= Exercise goal =
Could you give back exactly the lines below from the one with "2025年12月14日,乌鲁" through the one with "vola-ro-black-friday-final Published 17", without a single picture?

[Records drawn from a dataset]
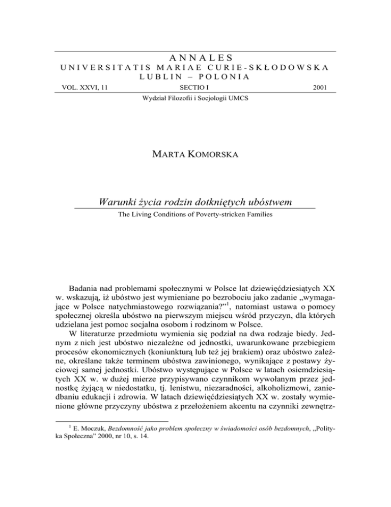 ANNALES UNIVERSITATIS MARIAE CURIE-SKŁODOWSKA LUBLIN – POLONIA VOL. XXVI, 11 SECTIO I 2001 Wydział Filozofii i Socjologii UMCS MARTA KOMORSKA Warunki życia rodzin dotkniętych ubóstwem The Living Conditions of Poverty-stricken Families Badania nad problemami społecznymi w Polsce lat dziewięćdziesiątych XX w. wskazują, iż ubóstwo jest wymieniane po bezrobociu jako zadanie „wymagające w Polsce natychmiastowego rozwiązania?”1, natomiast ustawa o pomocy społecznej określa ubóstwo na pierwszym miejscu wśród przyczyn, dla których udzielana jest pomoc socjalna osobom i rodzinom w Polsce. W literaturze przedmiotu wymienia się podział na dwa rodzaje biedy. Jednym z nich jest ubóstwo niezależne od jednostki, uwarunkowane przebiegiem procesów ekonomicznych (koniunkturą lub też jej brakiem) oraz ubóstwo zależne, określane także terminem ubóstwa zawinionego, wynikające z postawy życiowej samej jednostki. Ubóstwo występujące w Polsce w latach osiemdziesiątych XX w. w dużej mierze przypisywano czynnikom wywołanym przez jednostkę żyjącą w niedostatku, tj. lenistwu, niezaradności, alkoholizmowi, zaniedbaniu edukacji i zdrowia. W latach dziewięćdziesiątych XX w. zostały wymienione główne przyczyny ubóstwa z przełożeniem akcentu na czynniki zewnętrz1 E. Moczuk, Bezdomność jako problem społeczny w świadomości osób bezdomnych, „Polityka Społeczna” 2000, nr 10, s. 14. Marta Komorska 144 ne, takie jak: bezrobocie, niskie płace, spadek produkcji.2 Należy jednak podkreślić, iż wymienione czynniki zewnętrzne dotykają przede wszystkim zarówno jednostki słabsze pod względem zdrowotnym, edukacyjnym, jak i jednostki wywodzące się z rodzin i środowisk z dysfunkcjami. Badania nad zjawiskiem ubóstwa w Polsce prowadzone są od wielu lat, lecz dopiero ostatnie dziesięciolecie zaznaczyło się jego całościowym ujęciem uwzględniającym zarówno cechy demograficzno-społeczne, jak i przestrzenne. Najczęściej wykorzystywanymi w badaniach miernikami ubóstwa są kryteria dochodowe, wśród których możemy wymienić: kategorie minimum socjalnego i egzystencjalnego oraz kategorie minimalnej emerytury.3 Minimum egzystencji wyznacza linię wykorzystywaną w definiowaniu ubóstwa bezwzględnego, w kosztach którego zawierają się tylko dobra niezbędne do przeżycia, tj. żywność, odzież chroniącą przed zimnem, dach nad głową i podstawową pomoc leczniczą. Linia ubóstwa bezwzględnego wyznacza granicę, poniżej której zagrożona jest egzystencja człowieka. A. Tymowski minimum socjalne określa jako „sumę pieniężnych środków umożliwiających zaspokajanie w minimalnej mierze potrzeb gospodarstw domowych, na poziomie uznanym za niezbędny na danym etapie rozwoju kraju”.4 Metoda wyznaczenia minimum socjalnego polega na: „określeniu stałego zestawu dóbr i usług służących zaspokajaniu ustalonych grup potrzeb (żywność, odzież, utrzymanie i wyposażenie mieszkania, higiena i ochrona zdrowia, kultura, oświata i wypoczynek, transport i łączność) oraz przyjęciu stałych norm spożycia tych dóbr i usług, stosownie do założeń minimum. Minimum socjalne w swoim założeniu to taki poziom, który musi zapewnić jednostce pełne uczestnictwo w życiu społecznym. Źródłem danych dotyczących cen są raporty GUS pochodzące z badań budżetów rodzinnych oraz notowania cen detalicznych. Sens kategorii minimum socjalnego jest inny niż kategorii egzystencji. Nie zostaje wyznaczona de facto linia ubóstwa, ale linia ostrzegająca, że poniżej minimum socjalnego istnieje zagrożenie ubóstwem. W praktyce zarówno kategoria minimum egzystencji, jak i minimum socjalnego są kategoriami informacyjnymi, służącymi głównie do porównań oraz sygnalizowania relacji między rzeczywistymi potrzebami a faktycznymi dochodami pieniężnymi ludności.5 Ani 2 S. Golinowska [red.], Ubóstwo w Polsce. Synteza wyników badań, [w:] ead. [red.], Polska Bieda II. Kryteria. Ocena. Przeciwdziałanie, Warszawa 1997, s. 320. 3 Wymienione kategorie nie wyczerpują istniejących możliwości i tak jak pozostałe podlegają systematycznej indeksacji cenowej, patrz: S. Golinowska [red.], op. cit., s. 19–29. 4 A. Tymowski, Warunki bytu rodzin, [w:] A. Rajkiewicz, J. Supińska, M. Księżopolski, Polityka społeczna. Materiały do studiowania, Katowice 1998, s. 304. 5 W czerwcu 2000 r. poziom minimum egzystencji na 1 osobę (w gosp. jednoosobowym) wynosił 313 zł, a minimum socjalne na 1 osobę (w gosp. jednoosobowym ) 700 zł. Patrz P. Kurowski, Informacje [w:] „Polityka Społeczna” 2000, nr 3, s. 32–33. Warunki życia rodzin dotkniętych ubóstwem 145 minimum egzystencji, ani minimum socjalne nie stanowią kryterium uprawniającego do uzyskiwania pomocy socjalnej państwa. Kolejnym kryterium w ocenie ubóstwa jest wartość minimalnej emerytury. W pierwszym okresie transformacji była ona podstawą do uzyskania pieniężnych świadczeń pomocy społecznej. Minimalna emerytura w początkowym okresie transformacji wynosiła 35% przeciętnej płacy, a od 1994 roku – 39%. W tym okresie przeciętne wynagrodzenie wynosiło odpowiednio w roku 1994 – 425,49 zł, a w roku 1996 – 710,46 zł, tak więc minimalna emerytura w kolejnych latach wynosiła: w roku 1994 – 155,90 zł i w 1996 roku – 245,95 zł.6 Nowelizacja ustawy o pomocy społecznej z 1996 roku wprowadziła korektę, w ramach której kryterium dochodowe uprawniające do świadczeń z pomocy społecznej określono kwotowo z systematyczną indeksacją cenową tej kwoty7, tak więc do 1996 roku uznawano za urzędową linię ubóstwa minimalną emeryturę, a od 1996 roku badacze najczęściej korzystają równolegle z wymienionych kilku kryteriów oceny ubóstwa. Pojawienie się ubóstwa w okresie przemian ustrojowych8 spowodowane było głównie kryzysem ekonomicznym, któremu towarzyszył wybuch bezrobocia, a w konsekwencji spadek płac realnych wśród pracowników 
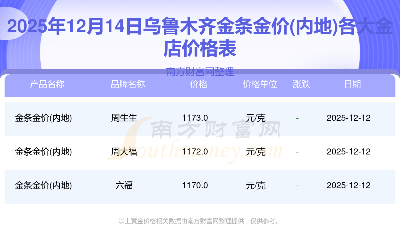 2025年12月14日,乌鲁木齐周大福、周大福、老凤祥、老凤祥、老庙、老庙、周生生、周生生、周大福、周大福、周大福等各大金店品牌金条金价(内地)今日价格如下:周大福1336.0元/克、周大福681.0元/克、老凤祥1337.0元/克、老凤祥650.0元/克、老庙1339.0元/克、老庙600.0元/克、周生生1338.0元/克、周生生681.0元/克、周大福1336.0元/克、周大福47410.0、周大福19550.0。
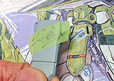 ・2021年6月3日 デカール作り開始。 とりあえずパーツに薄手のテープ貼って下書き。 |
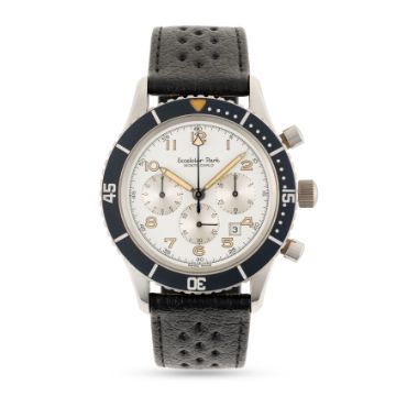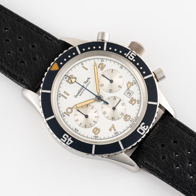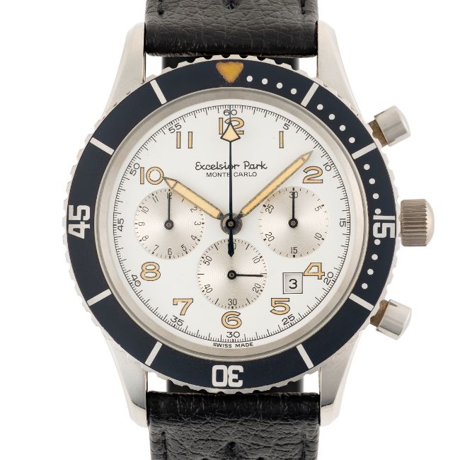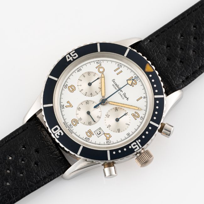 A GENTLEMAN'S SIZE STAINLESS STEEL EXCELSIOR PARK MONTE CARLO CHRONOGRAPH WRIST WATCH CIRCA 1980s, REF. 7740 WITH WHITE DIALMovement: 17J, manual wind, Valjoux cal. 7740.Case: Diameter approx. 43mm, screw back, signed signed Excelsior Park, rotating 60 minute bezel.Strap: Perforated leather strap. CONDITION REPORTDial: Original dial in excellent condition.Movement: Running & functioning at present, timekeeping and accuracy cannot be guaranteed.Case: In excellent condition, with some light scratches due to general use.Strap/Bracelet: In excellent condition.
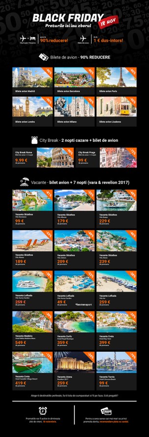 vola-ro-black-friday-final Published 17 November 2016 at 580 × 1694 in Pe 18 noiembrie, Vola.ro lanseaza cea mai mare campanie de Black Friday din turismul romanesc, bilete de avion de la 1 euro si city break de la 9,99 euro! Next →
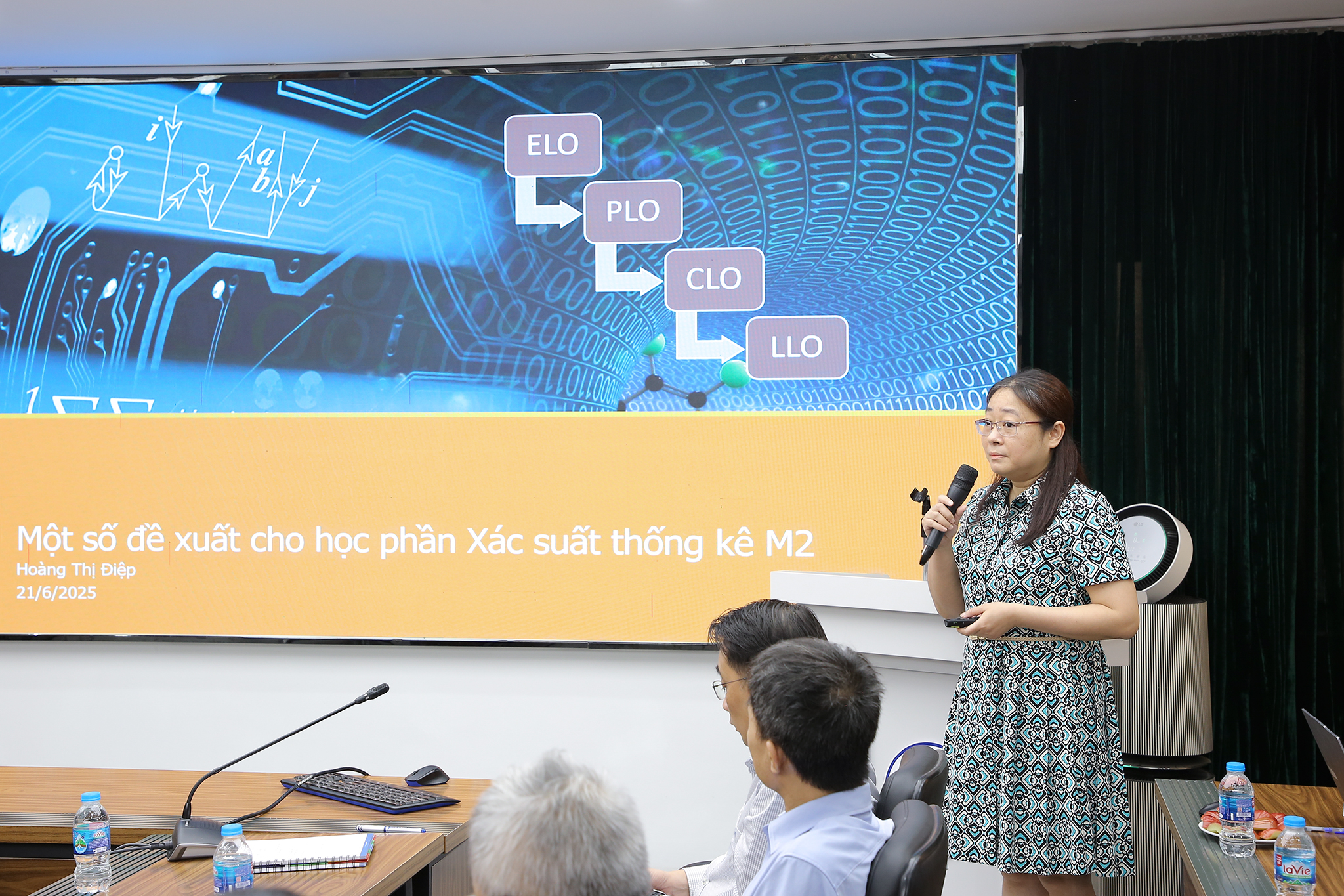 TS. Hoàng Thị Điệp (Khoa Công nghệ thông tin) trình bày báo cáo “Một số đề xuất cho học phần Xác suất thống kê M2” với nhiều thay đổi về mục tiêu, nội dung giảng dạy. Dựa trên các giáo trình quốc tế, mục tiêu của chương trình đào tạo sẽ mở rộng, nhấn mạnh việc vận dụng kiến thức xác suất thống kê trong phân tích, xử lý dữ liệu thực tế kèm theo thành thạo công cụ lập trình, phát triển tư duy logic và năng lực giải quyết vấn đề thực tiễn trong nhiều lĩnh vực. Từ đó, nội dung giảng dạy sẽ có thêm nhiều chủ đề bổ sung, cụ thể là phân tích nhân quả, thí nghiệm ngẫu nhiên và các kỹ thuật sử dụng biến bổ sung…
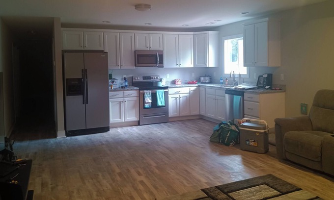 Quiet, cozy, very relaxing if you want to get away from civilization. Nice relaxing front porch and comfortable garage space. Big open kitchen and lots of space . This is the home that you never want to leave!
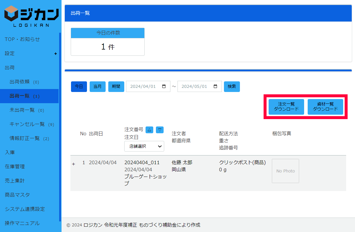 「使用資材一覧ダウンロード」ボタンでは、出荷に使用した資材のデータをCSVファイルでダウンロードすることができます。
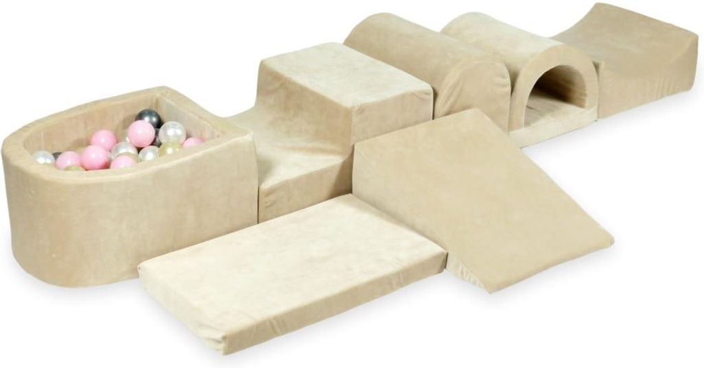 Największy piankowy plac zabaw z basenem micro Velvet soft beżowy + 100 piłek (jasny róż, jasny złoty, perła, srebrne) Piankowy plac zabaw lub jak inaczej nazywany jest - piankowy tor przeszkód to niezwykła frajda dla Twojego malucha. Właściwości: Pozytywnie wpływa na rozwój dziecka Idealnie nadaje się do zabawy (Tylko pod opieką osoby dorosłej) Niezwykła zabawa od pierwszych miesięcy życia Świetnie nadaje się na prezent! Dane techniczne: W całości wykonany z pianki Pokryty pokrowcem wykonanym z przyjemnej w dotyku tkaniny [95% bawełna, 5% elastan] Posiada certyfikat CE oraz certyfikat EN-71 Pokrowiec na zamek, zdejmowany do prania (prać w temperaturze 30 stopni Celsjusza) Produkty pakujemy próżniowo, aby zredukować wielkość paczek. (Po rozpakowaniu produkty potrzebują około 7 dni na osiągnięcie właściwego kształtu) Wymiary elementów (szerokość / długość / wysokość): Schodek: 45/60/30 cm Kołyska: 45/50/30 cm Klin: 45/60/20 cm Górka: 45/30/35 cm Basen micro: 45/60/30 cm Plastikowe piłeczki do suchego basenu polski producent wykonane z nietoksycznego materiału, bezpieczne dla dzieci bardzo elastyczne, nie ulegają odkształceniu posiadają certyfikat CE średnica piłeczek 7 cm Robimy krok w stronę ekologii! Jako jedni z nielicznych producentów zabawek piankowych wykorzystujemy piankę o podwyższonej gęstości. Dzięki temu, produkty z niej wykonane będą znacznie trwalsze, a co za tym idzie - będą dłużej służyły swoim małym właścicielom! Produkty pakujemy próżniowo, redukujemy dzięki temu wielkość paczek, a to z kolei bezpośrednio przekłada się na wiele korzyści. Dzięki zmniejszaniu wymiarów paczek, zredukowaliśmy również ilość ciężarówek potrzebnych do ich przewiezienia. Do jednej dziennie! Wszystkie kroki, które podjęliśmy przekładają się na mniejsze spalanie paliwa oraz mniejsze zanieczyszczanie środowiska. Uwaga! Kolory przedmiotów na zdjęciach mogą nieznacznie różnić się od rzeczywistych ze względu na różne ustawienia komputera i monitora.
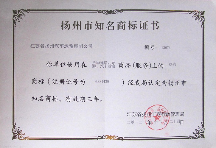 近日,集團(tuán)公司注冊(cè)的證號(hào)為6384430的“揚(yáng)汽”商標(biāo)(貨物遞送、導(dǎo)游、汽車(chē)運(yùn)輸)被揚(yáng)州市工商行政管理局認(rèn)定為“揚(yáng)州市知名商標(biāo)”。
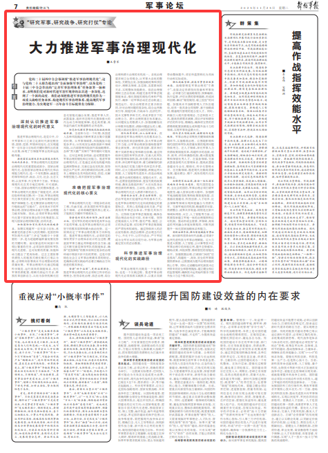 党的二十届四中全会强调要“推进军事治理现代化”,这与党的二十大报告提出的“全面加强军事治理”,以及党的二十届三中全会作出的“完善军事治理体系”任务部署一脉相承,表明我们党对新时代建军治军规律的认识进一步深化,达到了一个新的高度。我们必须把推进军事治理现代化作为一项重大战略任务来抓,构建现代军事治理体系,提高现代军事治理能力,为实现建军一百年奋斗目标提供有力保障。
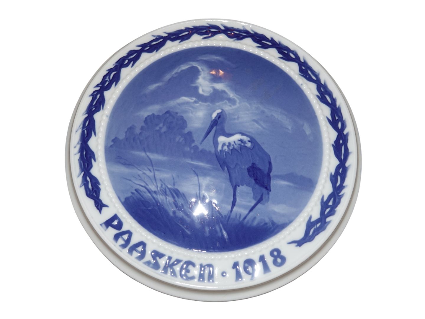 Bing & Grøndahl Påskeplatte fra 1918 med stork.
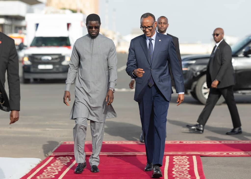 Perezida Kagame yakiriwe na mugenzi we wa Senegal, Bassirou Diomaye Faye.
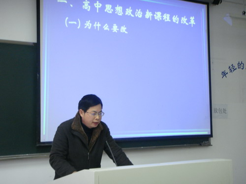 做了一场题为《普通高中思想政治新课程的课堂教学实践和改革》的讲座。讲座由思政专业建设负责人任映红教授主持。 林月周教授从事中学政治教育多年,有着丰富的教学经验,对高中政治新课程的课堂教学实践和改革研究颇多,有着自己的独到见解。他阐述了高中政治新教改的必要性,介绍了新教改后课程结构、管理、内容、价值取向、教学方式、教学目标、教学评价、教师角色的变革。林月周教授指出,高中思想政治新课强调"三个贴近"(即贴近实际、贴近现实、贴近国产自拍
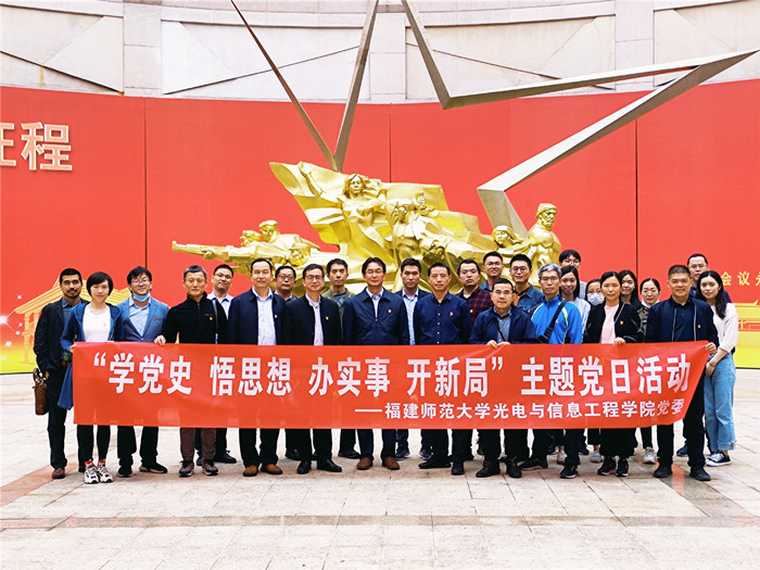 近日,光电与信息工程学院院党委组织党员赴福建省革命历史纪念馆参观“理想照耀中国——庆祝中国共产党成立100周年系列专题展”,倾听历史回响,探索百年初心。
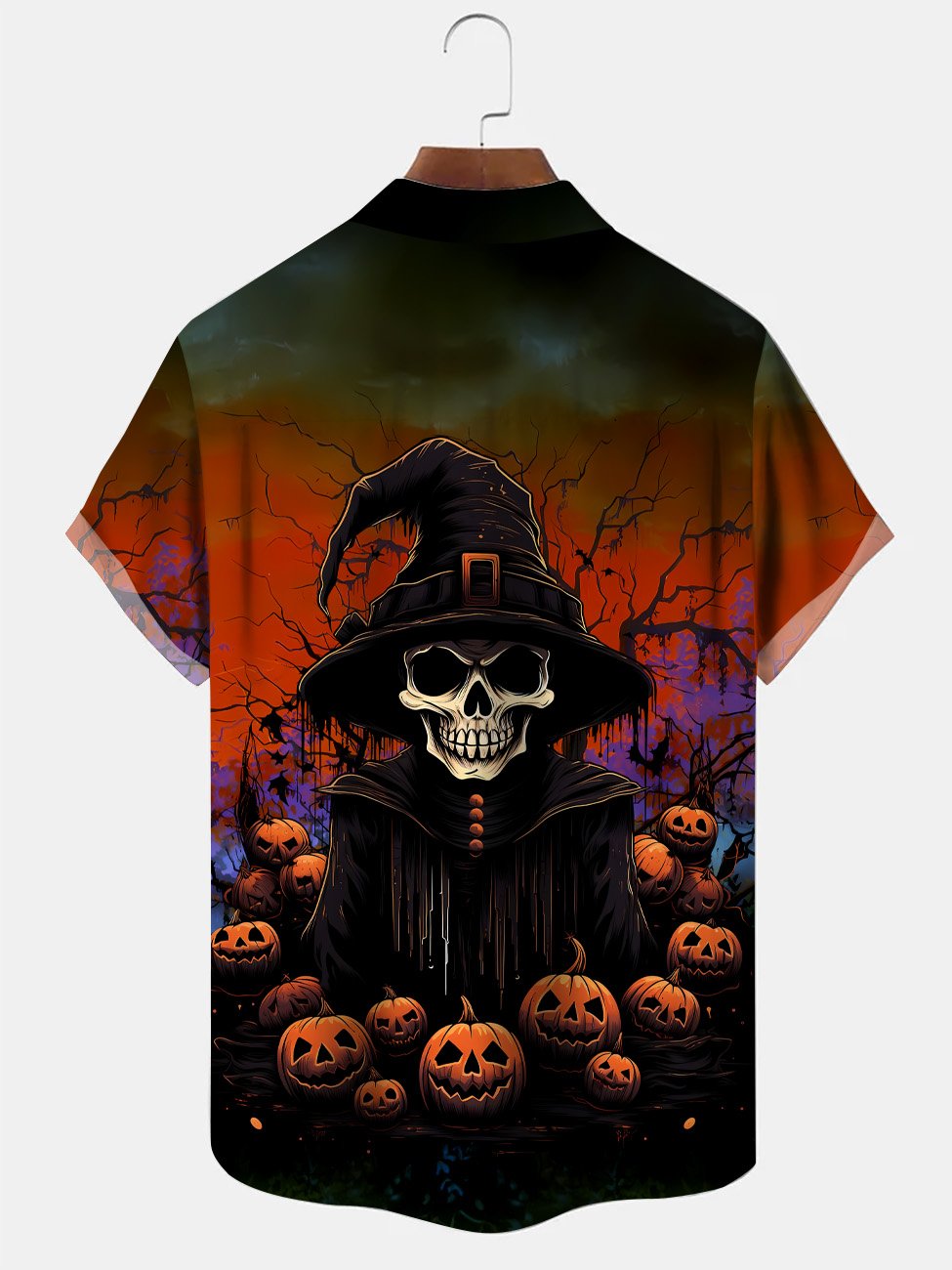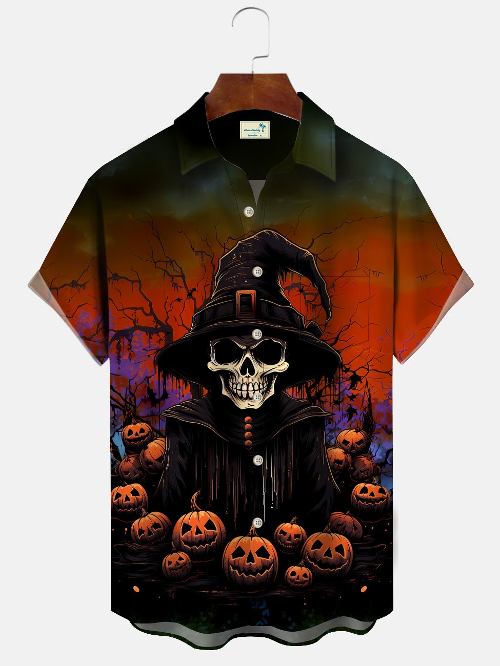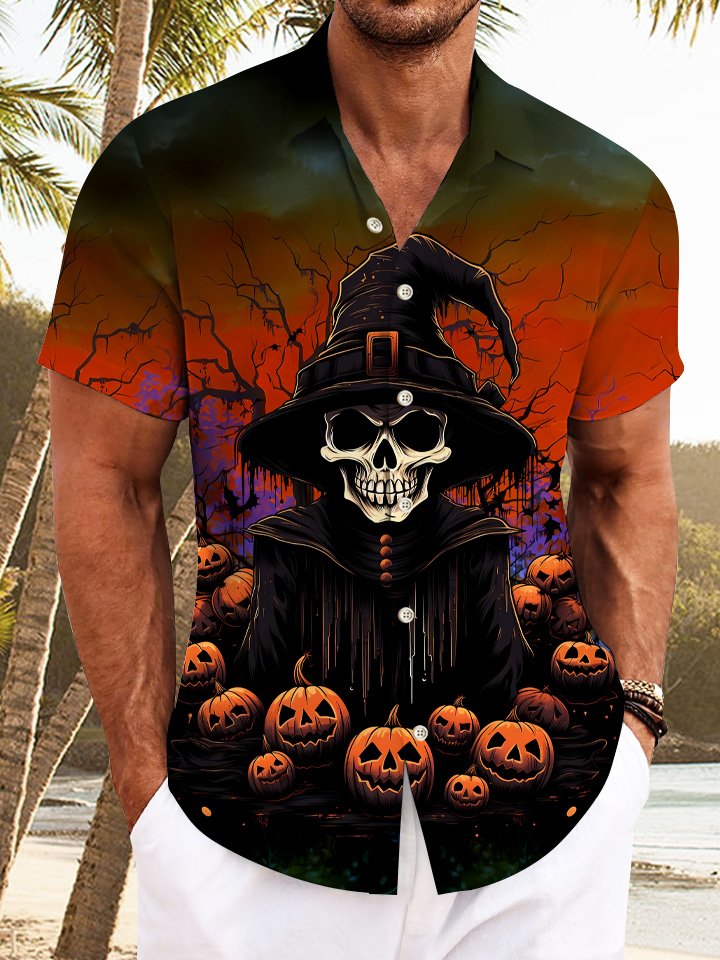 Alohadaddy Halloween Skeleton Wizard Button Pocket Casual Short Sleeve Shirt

= Response below =
 2025年12月14日,乌鲁木齐周大福、周大福、老凤祥、老凤祥、老庙、老庙、周生生、周生生、周大福、周大福、周大福等各大金店品牌金条金价(内地)今日价格如下:周大福1336.0元/克、周大福681.0元/克、老凤祥1337.0元/克、老凤祥650.0元/克、老庙1339.0元/克、老庙600.0元/克、周生生1338.0元/克、周生生681.0元/克、周大福1336.0元/克、周大福47410.0、周大福19550.0。
 ・2021年6月3日 デカール作り開始。 とりあえずパーツに薄手のテープ貼って下書き。 |
 A GENTLEMAN'S SIZE STAINLESS STEEL EXCELSIOR PARK MONTE CARLO CHRONOGRAPH WRIST WATCH CIRCA 1980s, REF. 7740 WITH WHITE DIALMovement: 17J, manual wind, Valjoux cal. 7740.Case: Diameter approx. 43mm, screw back, signed signed Excelsior Park, rotating 60 minute bezel.Strap: Perforated leather strap. CONDITION REPORTDial: Original dial in excellent condition.Movement: Running & functioning at present, timekeeping and accuracy cannot be guaranteed.Case: In excellent condition, with some light scratches due to general use.Strap/Bracelet: In excellent condition.
 vola-ro-black-friday-final Published 17 November 2016 at 580 × 1694 in Pe 18 noiembrie, Vola.ro lanseaza cea mai mare campanie de Black Friday din turismul romanesc, bilete de avion de la 1 euro si city break de la 9,99 euro! Next →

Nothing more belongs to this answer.